WORK ITEM: Return the data that follows exactly as it appears. Pictures do not belong in the copy.

[Start of section]

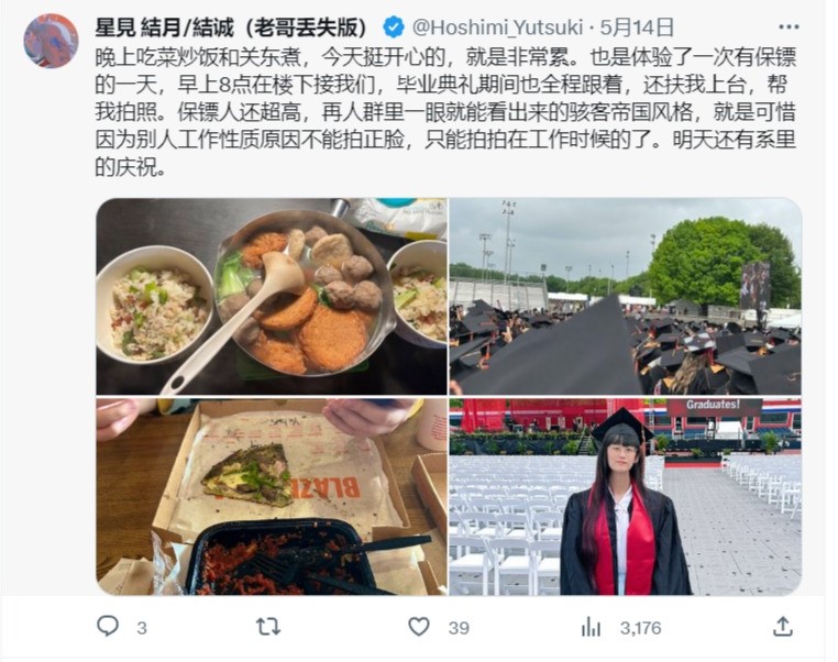 • IUPUI(印第安纳大学与普渡大学印第安纳波利斯联合校区)毕业(推特2023年5月14日毕业照)
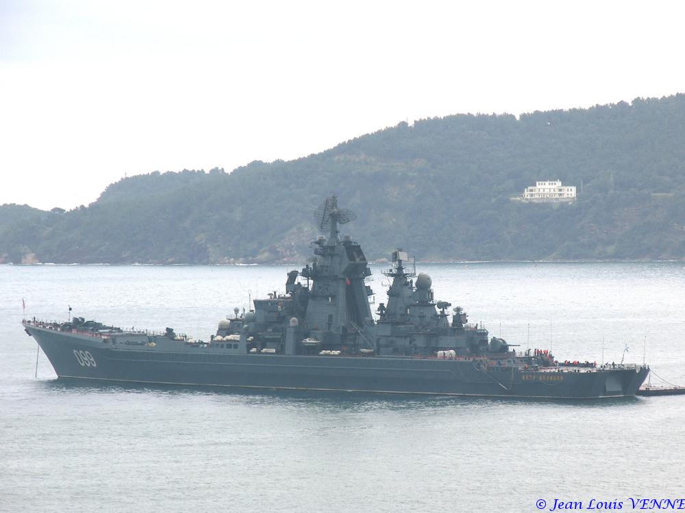 Le croiseur lance-missiles Pierre le Grand effectue une escale à Toulon du 5 au 8 novembre. Le Pierre le Grand est mouillé devant les plages du Mourillon, son tirant d’eau lui interdisant d’accoster dans le port.
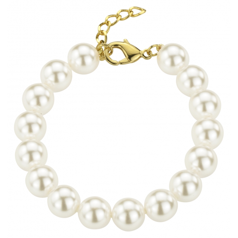 Traveller Bracelet 10mm/18+3cm perles blanches - Fermoir mousqueton - doré
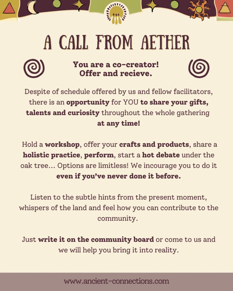 We are reserving the last evening of our Gathering to create a magical ceremony of embracing our authenticity and gifts, inviting anyone to show up and share. May it be solo concert, musical collaboration, reading your poetry, creating a fire show or dance performance…whatever wants to express through you is welcome 🙂
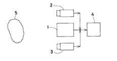 図1に本発明の実施例1の装置の配置図を示す。図中、1は能動的な測定を行うレーザレンズファインダ、2、3はステレオ画像計測を行うための撮像装置、4はデータ処理装置、5は測定対象物体である。
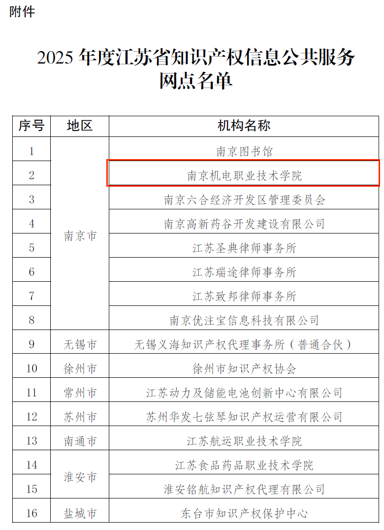 近日,江苏省知识产权局办公室印发《关于公布2025年度江苏省知识产权信息公共服务网点认定名单的通知》,beat365成功获批2025年度江苏省知识产权信息公共服务网点,标志着beat365知识产权公共服务能力获得省级权威认可。
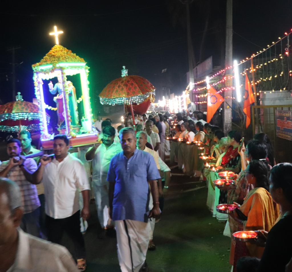 താലപ്പൊലിയുടെയും വിവിധ വാദ്യമേളങ്ങളുടെയും അകമ്പടിയോടെയാണ് ക്ഷേത്രമുറ്റത്ത് പ്രദക്ഷിണത്തെ സ്വീകരിക്കുക. നൂറ്റാണ്ടുകളായുള്ള നാടിൻ്റെ മതസൗഹാർദ്ദ പാരമ്പര്യം കാത്തുസൂക്ഷിക്കുന്നതിൻ്റെ ഭാഗമായാണ് ഇത്തരമൊരു ചടങ്ങ് സംഘടിപ്പിക്കുന്നതെന്ന് ക്ഷേത്രക്കമ്മിറ്റി ഭാരവാഹികൾ അറിയിച്ചു. ആയിരക്കണക്കിന് വിശ്വാസികൾ പങ്കെടുക്കുന്ന ഈ പ്രദക്ഷിണം തിരുനാളിൻ്റെ പ്രധാന ആകർഷണങ്ങളിൽ ഒന്നാണ്.
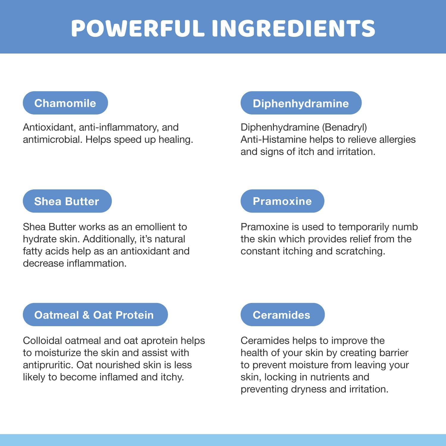 RELIEVES DRY, ITCHY SKIN, & ALLERGIES - Our blend of ultra soothing ingredients like Pramoxine, Diphenhydramine , Chamomile extract, Shea Butter, Ceramides, and Oatmeal to moisturize the skin and reduce itching, irritation, dandruff, flakiness, dryness, and redness caused by seasonal allergies.
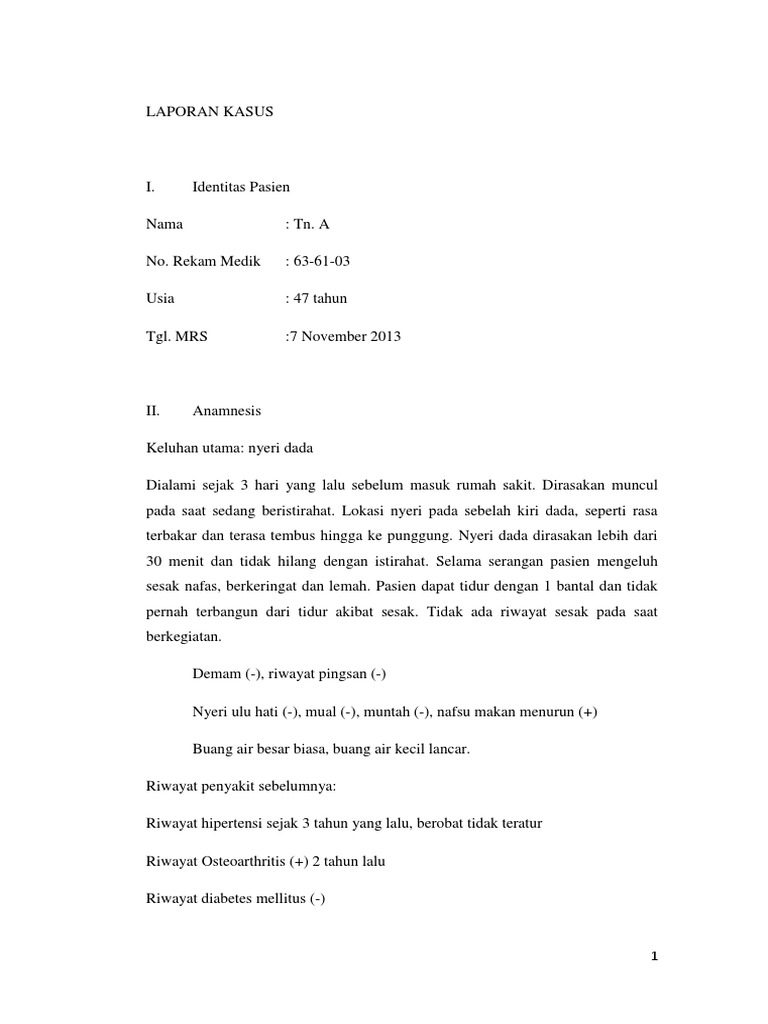 Keluhan utama: nyeri dada Dialami sejak 3 hari yang lalu sebelum masuk rumah sakit. Dirasakan muncul pada saat sedang beristirahat. Lokasi nyeri pada sebelah kiri dada, seperti rasa terbakar dan terasa tembus hingga ke punggung. Nyeri dada dirasakan lebih dari 30 menit dan tidak hilang dengan istirahat. Selama serangan pasien mengeluh sesak nafas, berkeringat dan lemah. Pasien dapat tidur dengan 1 bantal dan tidak pernah terbangun dari tidur akibat sesak. Tidak ada riwayat sesak pada saat berkegiatan. Demam (-), riwayat pingsan (-) Nyeri ulu hati (-), mual (-), muntah (-), nafsu makan menurun (+) Buang air besar biasa, buang air kecil lancar. Riwayat penyakit sebelumnya: Riwayat hipertensi sejak 3 tahun yang lalu, berobat tidak teratur Riwayat Osteoarthritis (+) 2 tahun lalu Riwayat diabetes mellitus (-)

[End of section]

ANSWER FOR THIS EXERCISE:
 • IUPUI(印第安纳大学与普渡大学印第安纳波利斯联合校区)毕业(推特2023年5月14日毕业照)
 Le croiseur lance-missiles Pierre le Grand effectue une escale à Toulon du 5 au 8 novembre. Le Pierre le Grand est mouillé devant les plages du Mourillon, son tirant d’eau lui interdisant d’accoster dans le port.
 Traveller Bracelet 10mm/18+3cm perles blanches - Fermoir mousqueton - doré
 We are reserving the last evening of our Gathering to create a magical ceremony of embracing our authenticity and gifts, inviting anyone to show up and share. May it be solo concert, musical collaboration, reading your poetry, creating a fire show or dance performance…whatever wants to express through you is welcome 🙂
 図1に本発明の実施例1の装置の配置図を示す。図中、1は能動的な測定を行うレーザレンズファインダ、2、3はステレオ画像計測を行うための撮像装置、4はデータ処理装置、5は測定対象物体である。
 近日,江苏省知识产权局办公室印发《关于公布2025年度江苏省知识产权信息公共服务网点认定名单的通知》,beat365成功获批2025年度江苏省知识产权信息公共服务网点,标志着beat365知识产权公共服务能力获得省级权威认可。
 താലപ്പൊലിയുടെയും വിവിധ വാദ്യമേളങ്ങളുടെയും അകമ്പടിയോടെയാണ് ക്ഷേത്രമുറ്റത്ത് പ്രദക്ഷിണത്തെ സ്വീകരിക്കുക. നൂറ്റാണ്ടുകളായുള്ള നാടിൻ്റെ മതസൗഹാർദ്ദ പാരമ്പര്യം കാത്തുസൂക്ഷിക്കുന്നതിൻ്റെ ഭാഗമായാണ് ഇത്തരമൊരു ചടങ്ങ് സംഘടിപ്പിക്കുന്നതെന്ന് ക്ഷേത്രക്കമ്മിറ്റി ഭാരവാഹികൾ അറിയിച്ചു. ആയിരക്കണക്കിന് വിശ്വാസികൾ പങ്കെടുക്കുന്ന ഈ പ്രദക്ഷിണം തിരുനാളിൻ്റെ പ്രധാന ആകർഷണങ്ങളിൽ ഒന്നാണ്.
 RELIEVES DRY, ITCHY SKIN, & ALLERGIES - Our blend of ultra soothing ingredients like Pramoxine, Diphenhydramine , Chamomile extract, Shea Butter, Ceramides, and Oatmeal to moisturize the skin and reduce itching, irritation, dandruff, flakiness, dryness, and redness caused by seasonal allergies.
 Keluhan utama: nyeri dada Dialami sejak 3 hari yang lalu sebelum masuk rumah sakit. Dirasakan muncul pada saat sedang beristirahat. Lokasi nyeri pada sebelah kiri dada, seperti rasa terbakar dan terasa tembus hingga ke punggung. Nyeri dada dirasakan lebih dari 30 menit dan tidak hilang dengan istirahat. Selama serangan pasien mengeluh sesak nafas, berkeringat dan lemah. Pasien dapat tidur dengan 1 bantal dan tidak pernah terbangun dari tidur akibat sesak. Tidak ada riwayat sesak pada saat berkegiatan. Demam (-), riwayat pingsan (-) Nyeri ulu hati (-), mual (-), muntah (-), nafsu makan menurun (+) Buang air besar biasa, buang air kecil lancar. Riwayat penyakit sebelumnya: Riwayat hipertensi sejak 3 tahun yang lalu, berobat tidak teratur Riwayat Osteoarthritis (+) 2 tahun lalu Riwayat diabetes mellitus (-)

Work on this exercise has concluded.